Но вот через десять месяцев мне пришлось в этих же бараках делать доклад о международном положении. Красный уголок быстро наполнился доотказа, и после доклада посыпались вопросы:
— Расскажите подробно о китайских советах.
— Выгодно ли нам было продать КВЖД?
— Почему Америка разорвала с нами переговоры?
— Как у нас обстоит дело с дирижаблестроением? Этому вопросу я сам
удивился, он как будто не вытекал из моего доклада. Спрашиваю рабочего,
почему он задает такой вопрос. Рабочий отвечает:
— в газетах пишут, что Германия строит большие дирижабли, — это значит против нас, а у нас что-то на сей счет мало слышно.
Недавний крестьянин, колхозник, а теперь рабочий стал читать газеты и уже интересуется не .только политической жизнью своей страны, но и революционным движением в капиталистических странах. Он уже вырвался из узкого круга «деревенских» настроений и становится передовым, сознательным тружеником великой социалистической стройки.

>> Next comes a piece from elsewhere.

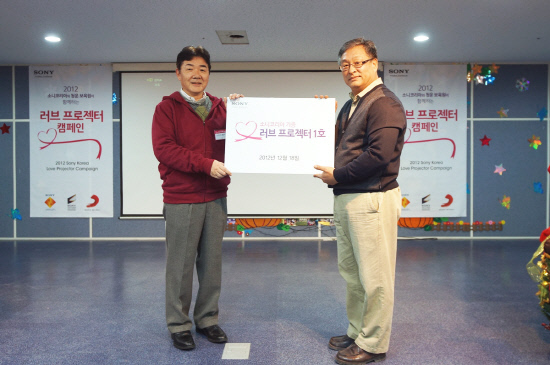 소니코리아(대표 사카이 켄지)가 18일 서울 동작구 상도동에 위치한 사회복지법인 청운종합복지원 소속 아동양육기관 '청운보육원'에서 '2012 소니코리아 러브 프로젝터 캠페인'을 개최했다. 소니코리아는 1990년 창업 이래 저소득층 혹은 문화소외지역 어린이들 중심으로 약 2만 명의 아이들의 꿈과 창의력을 후원하는 활동을 펼쳐오고 있다.

Меня поразила эта перемена«.
Значительный рост культурного уровня отмечается не только среди недавних колхозников, но и передовых рабочих. Метрострой воспитывал не только политически сознательных строителей, не только прививал разносторонние технические знания, но и развивал эстетические чувства своих работников.
Прекрасные подземные дворцы, построенные каждый в своем особом стиле, давали богатый материал для сравнения и изучения.

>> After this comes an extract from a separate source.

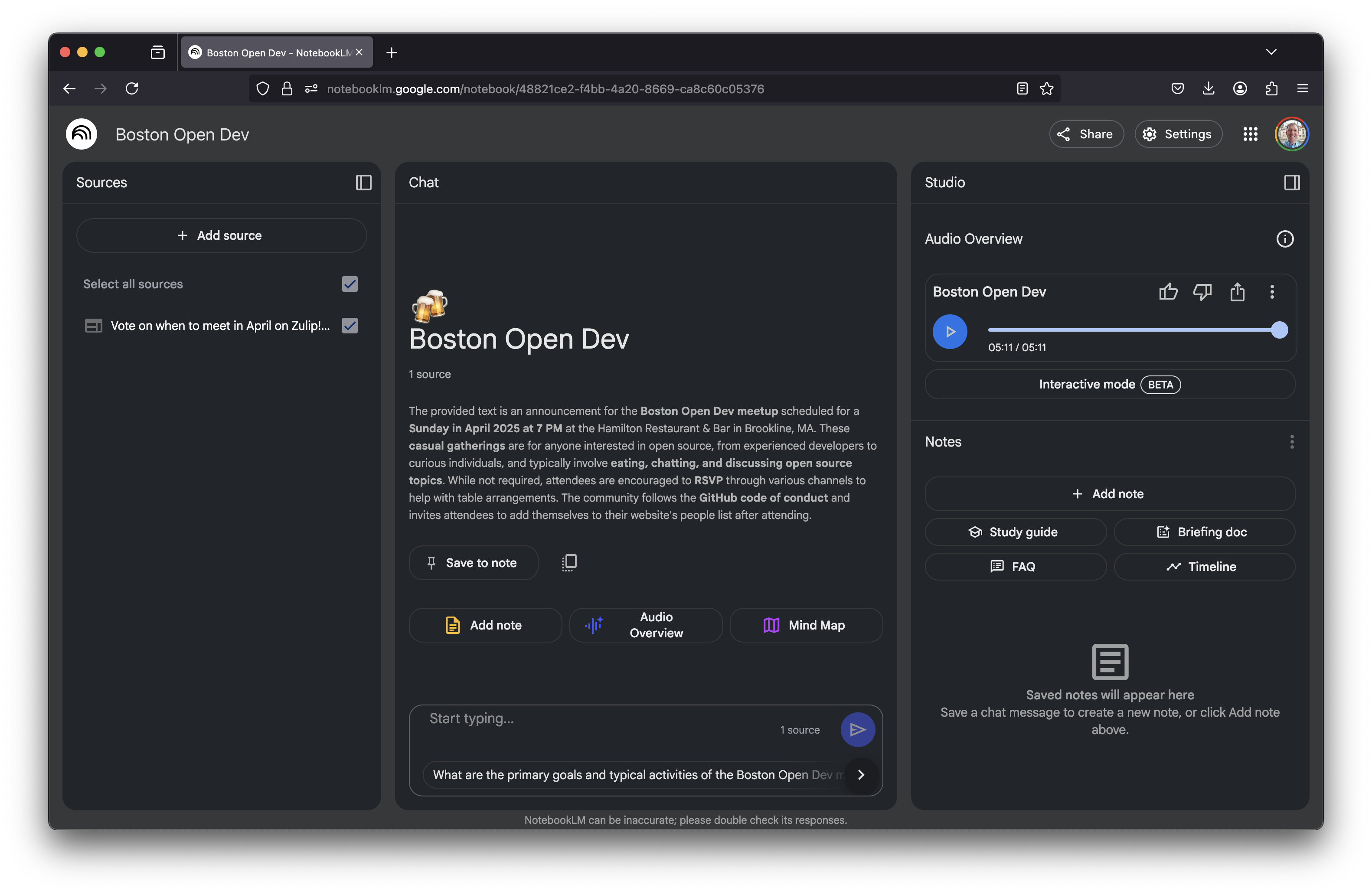 Has anyone played with NotebookLM? I just fed it https://bostonopen.dev as a URL and it spit out this audio summary:

Наши рабочие не были простыми исполнителями архитектурных заданий. Нет. они принимали широкое участие в обсуждении проектов, вникая в детали и внося свои поправки.
Зал станции «Парк культуры и отдыха» |
На одном из партсобраний, посвященных отделочным работам «Крымской» станции, архитекторы станции рассказали о том, как будет выглядеть станция. И здесь этот «специальный» вопрос всесторонне обсуждался и был поднят на принципиальную высоту.
По этому поводу коммунисты говорили о том, как у нас постепенно стирается грань между умственным и физическим трудом.
Вот что говорил коммунист Милюков:
— Мы, рабочие, бетонщики, крепильщики и землекопы, вместе с нашими архитекторами товарищами Крутиковым и Поповым разбираем здесь, как лучше, художественнее оформить нашу станцию. Я считаю, что этот факт следует использовать для агитации на нашей дистанции, показать на этом факте, что мы действительно хозяева и вникаем во все детали, влезаем даже в высокую область архитектуры.
За ним выступил инженер-коммунист Павлов:
— Я читал знаменитого немецкого поэта Гейне. Но и он все же побаивался прихода коммунизма, потому что считал, что когда наступит коммунизм, разорят олеандровые рощи и вместо цветов будут сажать картофель, а в страницы его лучшего произведения старые бабы будущего будут завертывать бобы. Этим Гейне хотел сказать, что мы, коммунисты, не сумеем ценить красоту, искусство, архитектуру. Вот в этом-то он и ошибся. Наше собрание ярко показывает, как мы, коммунисты, вместе с передовыми строителями, вместе с архитекторами внимательно обсуждаем проекты и вносим свои поправки, помогая лучше и красивее оформить наши прекрасные станции.